• **EXERCISE**: Reproduce the records. Keep every word exact and include no images.

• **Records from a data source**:
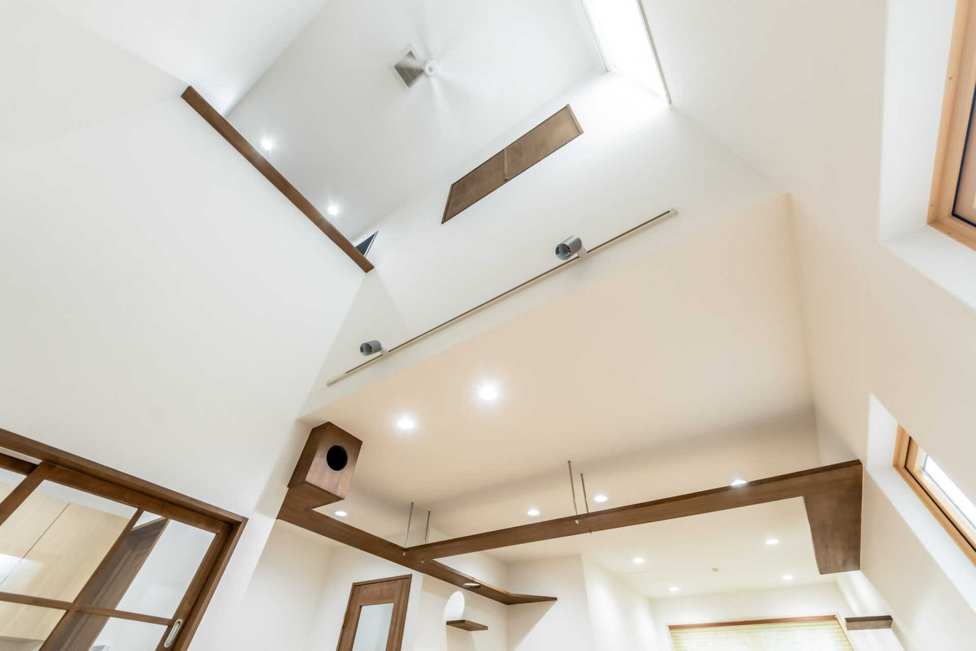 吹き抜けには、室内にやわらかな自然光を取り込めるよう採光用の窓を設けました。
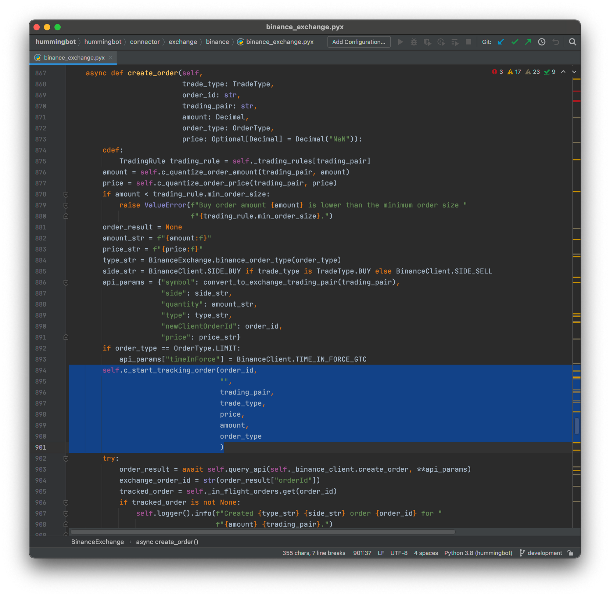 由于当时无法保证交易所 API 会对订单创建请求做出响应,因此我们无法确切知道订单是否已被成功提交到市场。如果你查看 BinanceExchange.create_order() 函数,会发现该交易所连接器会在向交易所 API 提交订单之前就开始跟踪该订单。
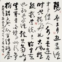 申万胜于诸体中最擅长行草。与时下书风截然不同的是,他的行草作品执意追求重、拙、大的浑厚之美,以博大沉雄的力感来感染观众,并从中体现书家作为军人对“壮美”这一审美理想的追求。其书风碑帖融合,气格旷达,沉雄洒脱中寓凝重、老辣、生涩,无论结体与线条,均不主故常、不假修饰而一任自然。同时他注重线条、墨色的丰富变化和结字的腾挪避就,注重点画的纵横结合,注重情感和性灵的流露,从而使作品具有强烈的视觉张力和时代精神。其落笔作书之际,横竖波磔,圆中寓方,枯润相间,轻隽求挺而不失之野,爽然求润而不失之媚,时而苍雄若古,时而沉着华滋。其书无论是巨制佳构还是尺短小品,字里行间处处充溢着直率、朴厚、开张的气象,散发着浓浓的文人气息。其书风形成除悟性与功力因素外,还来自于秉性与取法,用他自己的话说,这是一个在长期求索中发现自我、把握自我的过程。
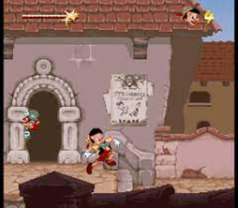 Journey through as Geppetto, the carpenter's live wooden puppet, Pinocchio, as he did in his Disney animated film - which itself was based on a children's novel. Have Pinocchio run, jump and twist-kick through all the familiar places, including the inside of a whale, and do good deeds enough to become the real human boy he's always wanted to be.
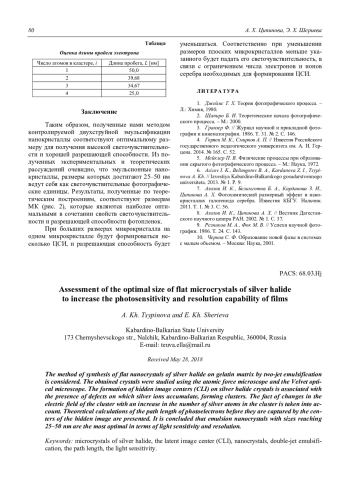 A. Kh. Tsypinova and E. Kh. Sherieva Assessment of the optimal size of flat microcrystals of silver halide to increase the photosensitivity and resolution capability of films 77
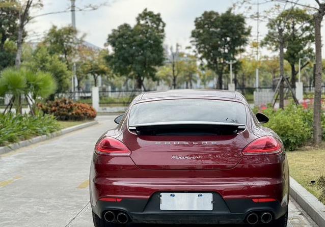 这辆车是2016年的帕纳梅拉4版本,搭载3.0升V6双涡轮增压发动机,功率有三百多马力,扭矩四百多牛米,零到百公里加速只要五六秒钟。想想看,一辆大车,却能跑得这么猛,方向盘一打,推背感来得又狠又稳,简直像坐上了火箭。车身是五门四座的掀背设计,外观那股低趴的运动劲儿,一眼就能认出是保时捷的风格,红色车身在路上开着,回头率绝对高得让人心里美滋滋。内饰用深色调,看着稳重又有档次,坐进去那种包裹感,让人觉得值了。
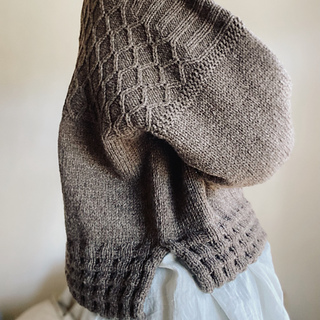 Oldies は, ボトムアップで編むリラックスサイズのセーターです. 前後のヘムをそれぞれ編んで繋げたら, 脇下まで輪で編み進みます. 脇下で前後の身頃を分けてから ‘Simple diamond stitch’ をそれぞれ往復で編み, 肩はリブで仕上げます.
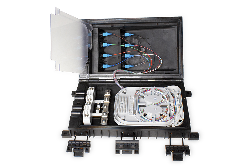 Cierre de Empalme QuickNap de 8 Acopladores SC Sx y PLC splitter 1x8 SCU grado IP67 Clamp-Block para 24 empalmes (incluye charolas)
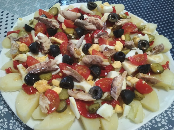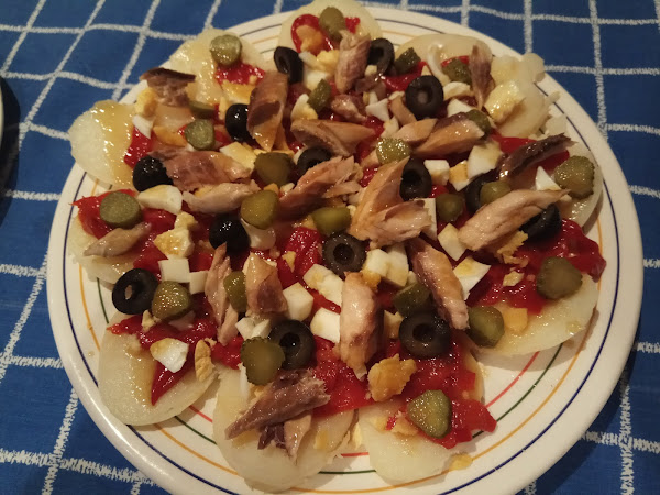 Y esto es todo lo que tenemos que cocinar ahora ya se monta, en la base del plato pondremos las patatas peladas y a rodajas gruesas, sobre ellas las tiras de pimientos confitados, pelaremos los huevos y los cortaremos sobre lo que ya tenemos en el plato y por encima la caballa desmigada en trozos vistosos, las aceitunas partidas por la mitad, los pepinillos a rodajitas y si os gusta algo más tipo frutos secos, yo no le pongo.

• **TASK RESPONSE**:
 吹き抜けには、室内にやわらかな自然光を取り込めるよう採光用の窓を設けました。
 由于当时无法保证交易所 API 会对订单创建请求做出响应,因此我们无法确切知道订单是否已被成功提交到市场。如果你查看 BinanceExchange.create_order() 函数,会发现该交易所连接器会在向交易所 API 提交订单之前就开始跟踪该订单。
 申万胜于诸体中最擅长行草。与时下书风截然不同的是,他的行草作品执意追求重、拙、大的浑厚之美,以博大沉雄的力感来感染观众,并从中体现书家作为军人对“壮美”这一审美理想的追求。其书风碑帖融合,气格旷达,沉雄洒脱中寓凝重、老辣、生涩,无论结体与线条,均不主故常、不假修饰而一任自然。同时他注重线条、墨色的丰富变化和结字的腾挪避就,注重点画的纵横结合,注重情感和性灵的流露,从而使作品具有强烈的视觉张力和时代精神。其落笔作书之际,横竖波磔,圆中寓方,枯润相间,轻隽求挺而不失之野,爽然求润而不失之媚,时而苍雄若古,时而沉着华滋。其书无论是巨制佳构还是尺短小品,字里行间处处充溢着直率、朴厚、开张的气象,散发着浓浓的文人气息。其书风形成除悟性与功力因素外,还来自于秉性与取法,用他自己的话说,这是一个在长期求索中发现自我、把握自我的过程。
 Journey through as Geppetto, the carpenter's live wooden puppet, Pinocchio, as he did in his Disney animated film - which itself was based on a children's novel. Have Pinocchio run, jump and twist-kick through all the familiar places, including the inside of a whale, and do good deeds enough to become the real human boy he's always wanted to be.
 A. Kh. Tsypinova and E. Kh. Sherieva Assessment of the optimal size of flat microcrystals of silver halide to increase the photosensitivity and resolution capability of films 77
 这辆车是2016年的帕纳梅拉4版本,搭载3.0升V6双涡轮增压发动机,功率有三百多马力,扭矩四百多牛米,零到百公里加速只要五六秒钟。想想看,一辆大车,却能跑得这么猛,方向盘一打,推背感来得又狠又稳,简直像坐上了火箭。车身是五门四座的掀背设计,外观那股低趴的运动劲儿,一眼就能认出是保时捷的风格,红色车身在路上开着,回头率绝对高得让人心里美滋滋。内饰用深色调,看着稳重又有档次,坐进去那种包裹感,让人觉得值了。
 Oldies は, ボトムアップで編むリラックスサイズのセーターです. 前後のヘムをそれぞれ編んで繋げたら, 脇下まで輪で編み進みます. 脇下で前後の身頃を分けてから ‘Simple diamond stitch’ をそれぞれ往復で編み, 肩はリブで仕上げます.
 Cierre de Empalme QuickNap de 8 Acopladores SC Sx y PLC splitter 1x8 SCU grado IP67 Clamp-Block para 24 empalmes (incluye charolas)
 Y esto es todo lo que tenemos que cocinar ahora ya se monta, en la base del plato pondremos las patatas peladas y a rodajas gruesas, sobre ellas las tiras de pimientos confitados, pelaremos los huevos y los cortaremos sobre lo que ya tenemos en el plato y por encima la caballa desmigada en trozos vistosos, las aceitunas partidas por la mitad, los pepinillos a rodajitas y si os gusta algo más tipo frutos secos, yo no le pongo.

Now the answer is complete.